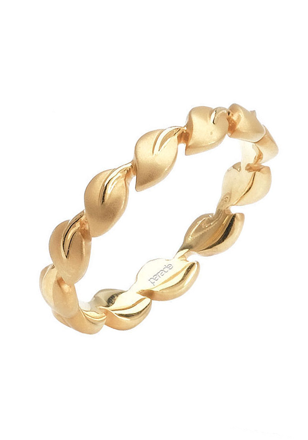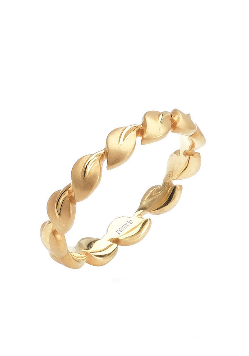 Satin finished cascading leaves in glowing 18k gold form this graceful, bestselling band design- which was also featured in The Vow, starring Rachel McAdams! Beautiful as a single band, yet a fabulously complementary stacking ring, this style from the Lyria Collection is eternally stylish (and is available in 18k yellow, gold and 18k rose gold (18k white gold or platinum upon request). Seen in BRIDES magazine’s “The Edit: 9 Favorite Bands” story! Also available in 18k rose gold.
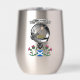 Shiny silver Wallace clan badge on a stainless steel thermal tumbler all set for any of your hot or cold drinks! Be ready for your next clan gathering, picnic, highland games, BBQ or poolside! Featuring a tartan set of bagpipes on the back and you can also personalize with a short message!
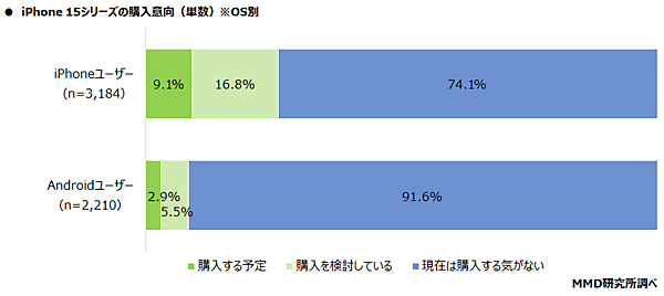 MMDLabo株式会社が運営するMMD研究所は、「iPhone 15シリーズに関する購入意向調査」の結果を発表した。15歳~69歳の全国の男女6,000人(iPhoneユーザー3,184人とAndroidユーザー2,210人を含む)が予備調査に回答、iPhone 15シリーズ購入意向者481人が本調査に回答している。
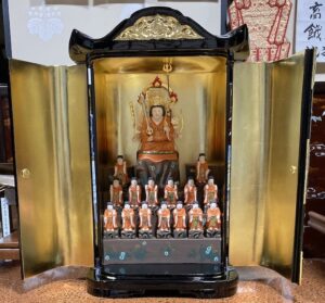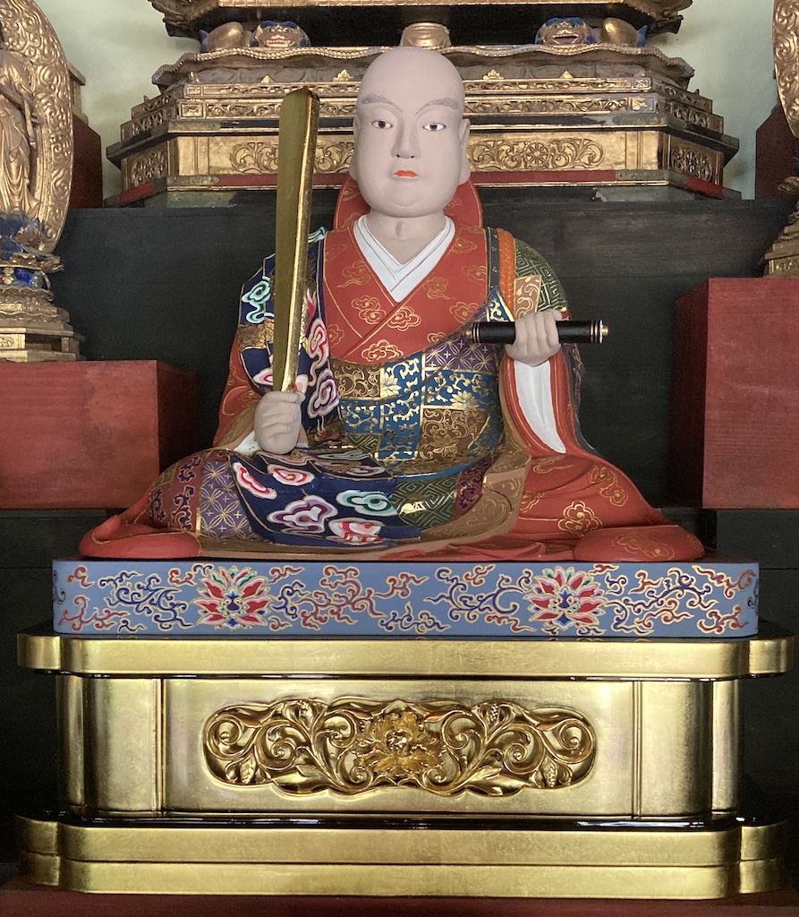 日蓮宗 妙現寺様 日蓮聖人像修復(お洗濯) 2026-01-14 最終更新日時 : 2026-01-14 admin_ueda_j 施工前 施工後 お上人、総代さんより見積もりのご依頼がありました。行ってみると明らかに肌色がおかしい。持者、衣からしてどう考えても日蓮聖人。最初クリーニングのご依頼でしたが傷み具合、まぶたの切れ等説明させていただくとお洗濯のほうのご希望が強かったのでそちらに変更させてもらいました。推測するに護摩などを焚かれて彩色が燻されたのではないかとお伝えしました。実際洗ってみると肌色が出てきました。すっかり見違えって大変喜ばれました。
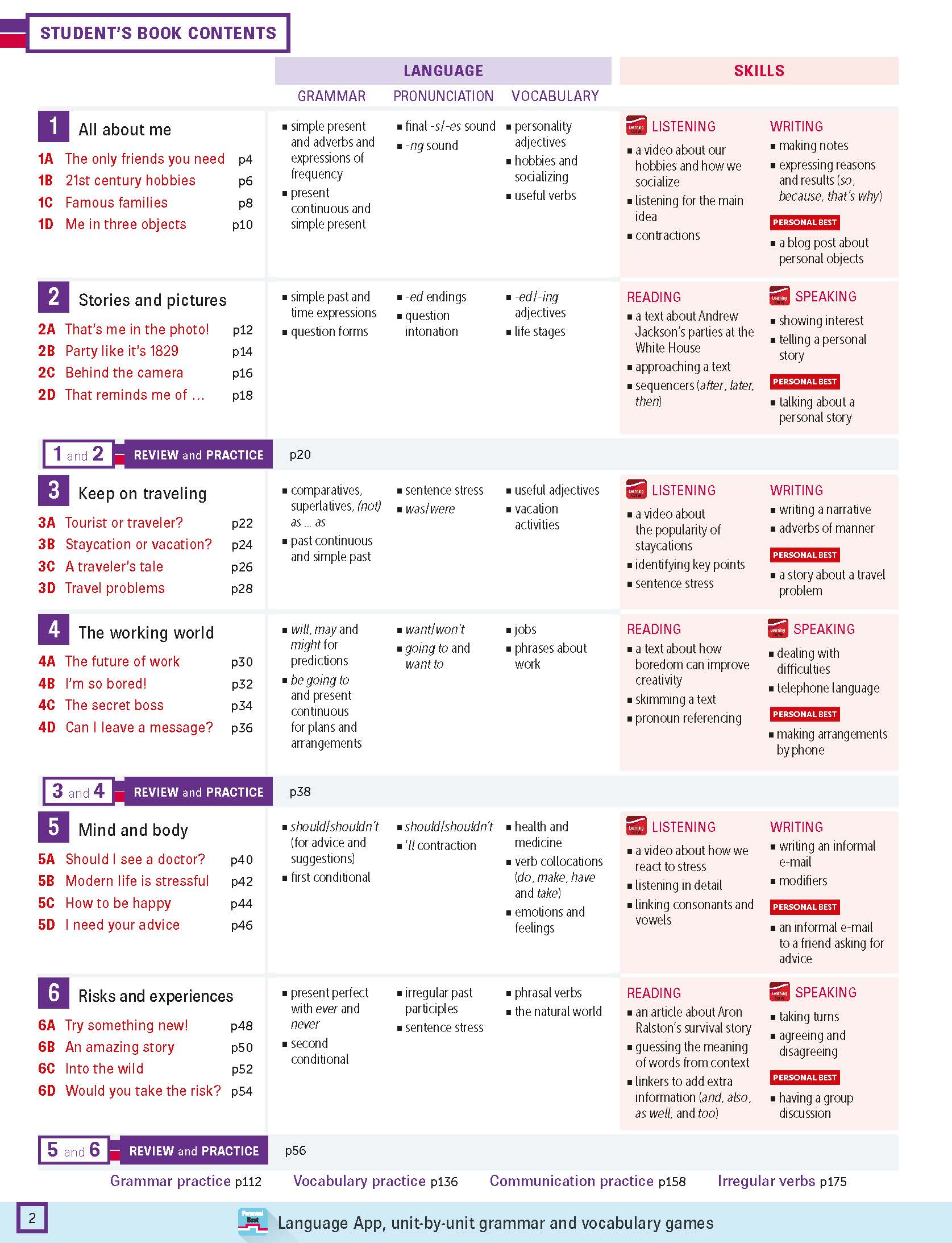 Personal Best là khóa học tiếng Anh tổng quát 6 cấp độ dành cho những học viên muốn tối đa hóa kinh nghiệm học tiếng Anh của bản thân. Được phát triển bởi Series Editor Jim Scrivener- giảng viên đào tạo giáo viên và diễn giả nổi tiếng quốc tế, sách tập trung vào thực hành làm động lực cải thiện tiếng Anh cho học viên và chương trình học thế kỷ 21 tích hợp cùng video trên Web và Ứng dụng Personal Best Language. Hai quan điểm nổi bật của Personal Best: Tính cá nhân: Khóa học tập trung vào việc cá nhân hóa cho học viên ở các tiến độ khác nhau, có ưu và khuyết điểm khác nhau. Giúp người học đạt được mục tiêu của mình: Để giúp học viên tối ưu hóa tiềm năng của bản thân, sách tập trung vào vai trò quan trọng của việc THỰC HÀNH. Khóa học đảm bảo học viên thực sự có thể sử dụng ngôn ngữ đã học vào trong thực tiễn. SÁCH CÓ KÈM CODE
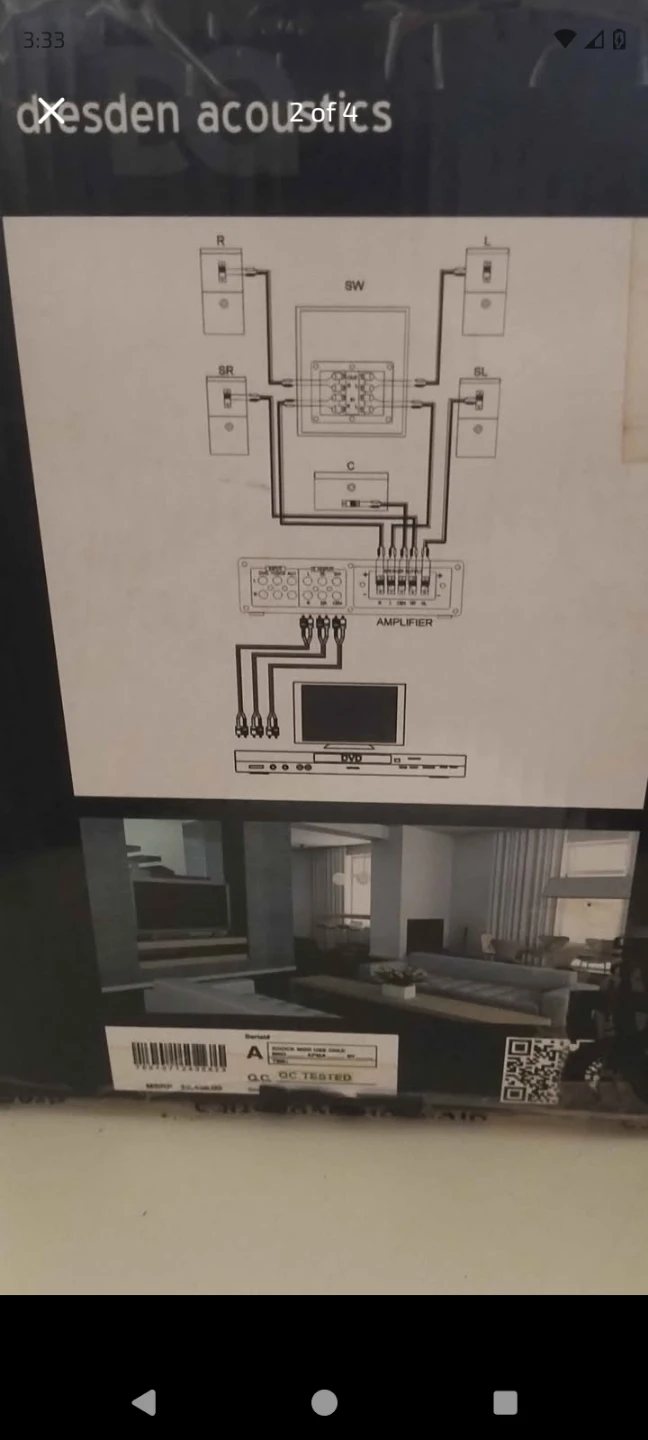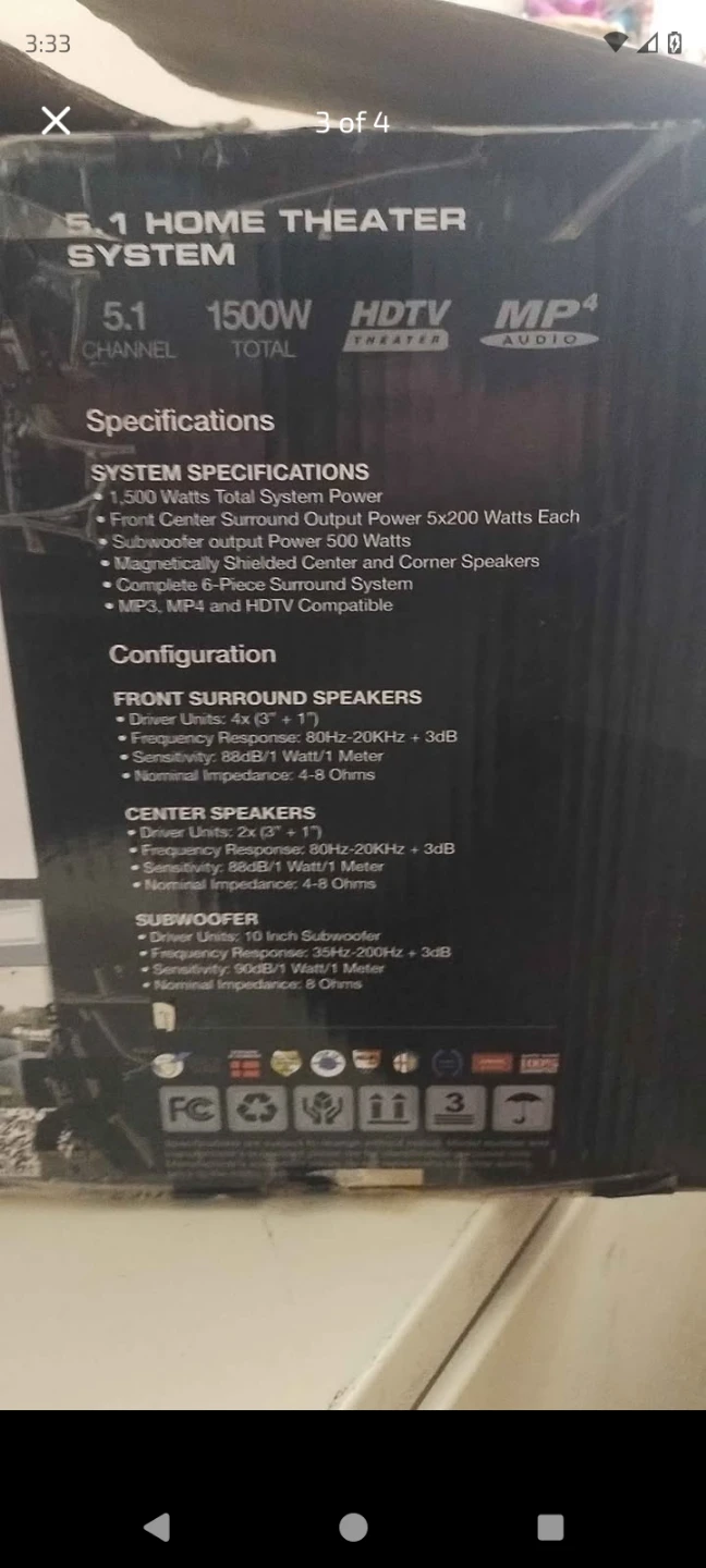 This Dresden Acoustics DS-8 is a 5.1 home theater system with a total power of 1500 Watts. It includes front surround speakers, center speakers, and a subwoofer. The system is MP3, MP4, and HDTV compatible. The subwoofer is a 10-inch unit with 500 Watts output power.
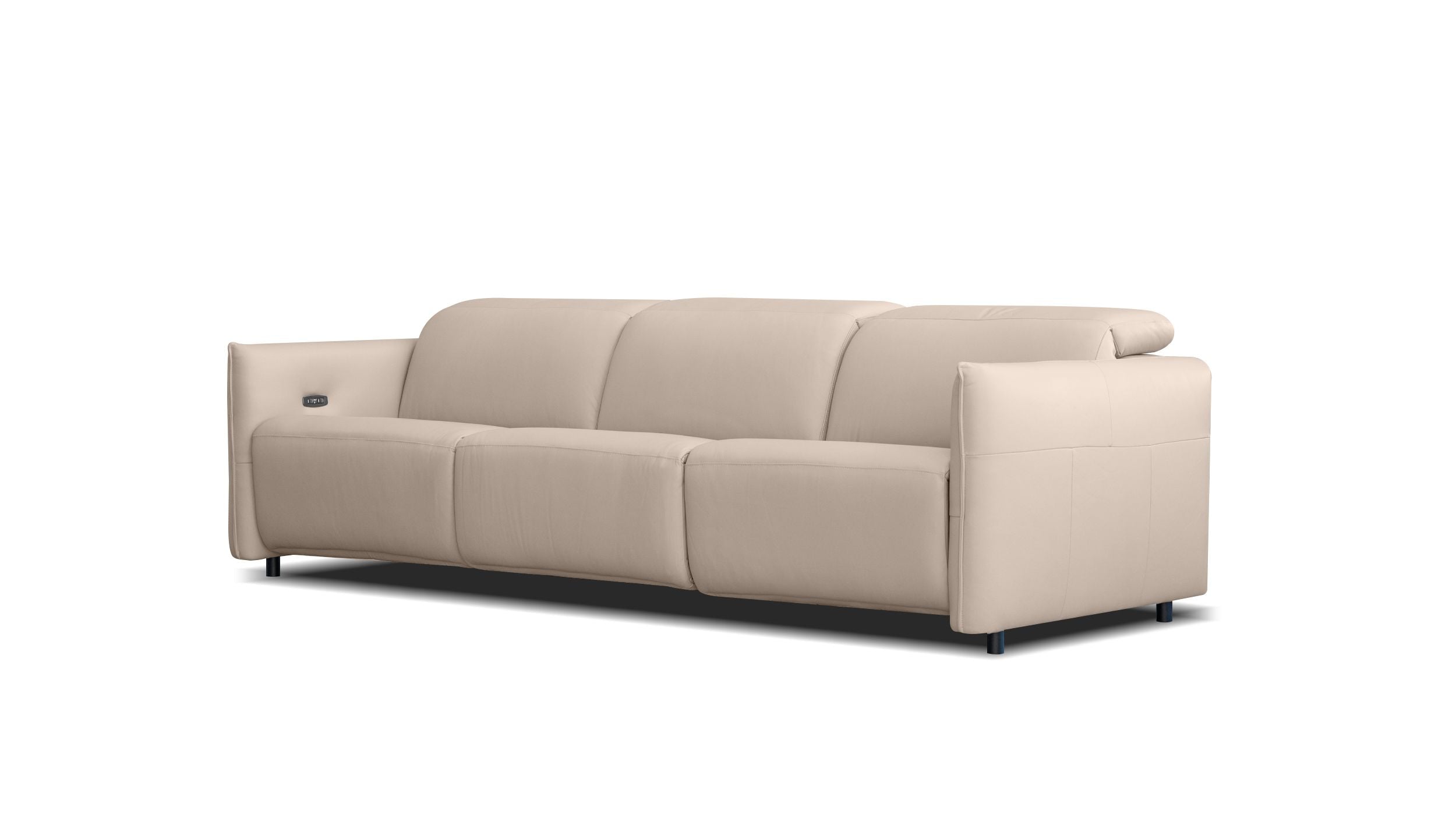The TUCKER 3-seater sofa offers the ultimate relaxation experience with its two fully reclining seats. The left and right arm seats are equipped with reclining functionality for both the backrest and footrest, allowing you to find your perfect lounging position. Experience the comfort of a traditional recliner with the TUCKER's modern and sleek design, making it a stylish and comfortable addition to any living space. Its streamlined silhouette and plush cushioning create an inviting and sophisticated seating option. Available in Creta or Olive Leather.

[ABOUT THIS TASK]
Your job is to copy every entry exactly. Omit the pictures.

[EXERCISE RESPONSE]
 Satin finished cascading leaves in glowing 18k gold form this graceful, bestselling band design- which was also featured in The Vow, starring Rachel McAdams! Beautiful as a single band, yet a fabulously complementary stacking ring, this style from the Lyria Collection is eternally stylish (and is available in 18k yellow, gold and 18k rose gold (18k white gold or platinum upon request). Seen in BRIDES magazine’s “The Edit: 9 Favorite Bands” story! Also available in 18k rose gold.
 Shiny silver Wallace clan badge on a stainless steel thermal tumbler all set for any of your hot or cold drinks! Be ready for your next clan gathering, picnic, highland games, BBQ or poolside! Featuring a tartan set of bagpipes on the back and you can also personalize with a short message!
 MMDLabo株式会社が運営するMMD研究所は、「iPhone 15シリーズに関する購入意向調査」の結果を発表した。15歳~69歳の全国の男女6,000人(iPhoneユーザー3,184人とAndroidユーザー2,210人を含む)が予備調査に回答、iPhone 15シリーズ購入意向者481人が本調査に回答している。
 日蓮宗 妙現寺様 日蓮聖人像修復(お洗濯) 2026-01-14 最終更新日時 : 2026-01-14 admin_ueda_j 施工前 施工後 お上人、総代さんより見積もりのご依頼がありました。行ってみると明らかに肌色がおかしい。持者、衣からしてどう考えても日蓮聖人。最初クリーニングのご依頼でしたが傷み具合、まぶたの切れ等説明させていただくとお洗濯のほうのご希望が強かったのでそちらに変更させてもらいました。推測するに護摩などを焚かれて彩色が燻されたのではないかとお伝えしました。実際洗ってみると肌色が出てきました。すっかり見違えって大変喜ばれました。
 Personal Best là khóa học tiếng Anh tổng quát 6 cấp độ dành cho những học viên muốn tối đa hóa kinh nghiệm học tiếng Anh của bản thân. Được phát triển bởi Series Editor Jim Scrivener- giảng viên đào tạo giáo viên và diễn giả nổi tiếng quốc tế, sách tập trung vào thực hành làm động lực cải thiện tiếng Anh cho học viên và chương trình học thế kỷ 21 tích hợp cùng video trên Web và Ứng dụng Personal Best Language. Hai quan điểm nổi bật của Personal Best: Tính cá nhân: Khóa học tập trung vào việc cá nhân hóa cho học viên ở các tiến độ khác nhau, có ưu và khuyết điểm khác nhau. Giúp người học đạt được mục tiêu của mình: Để giúp học viên tối ưu hóa tiềm năng của bản thân, sách tập trung vào vai trò quan trọng của việc THỰC HÀNH. Khóa học đảm bảo học viên thực sự có thể sử dụng ngôn ngữ đã học vào trong thực tiễn. SÁCH CÓ KÈM CODE
 This Dresden Acoustics DS-8 is a 5.1 home theater system with a total power of 1500 Watts. It includes front surround speakers, center speakers, and a subwoofer. The system is MP3, MP4, and HDTV compatible. The subwoofer is a 10-inch unit with 500 Watts output power.
The TUCKER 3-seater sofa offers the ultimate relaxation experience with its two fully reclining seats. The left and right arm seats are equipped with reclining functionality for both the backrest and footrest, allowing you to find your perfect lounging position. Experience the comfort of a traditional recliner with the TUCKER's modern and sleek design, making it a stylish and comfortable addition to any living space. Its streamlined silhouette and plush cushioning create an inviting and sophisticated seating option. Available in Creta or Olive Leather.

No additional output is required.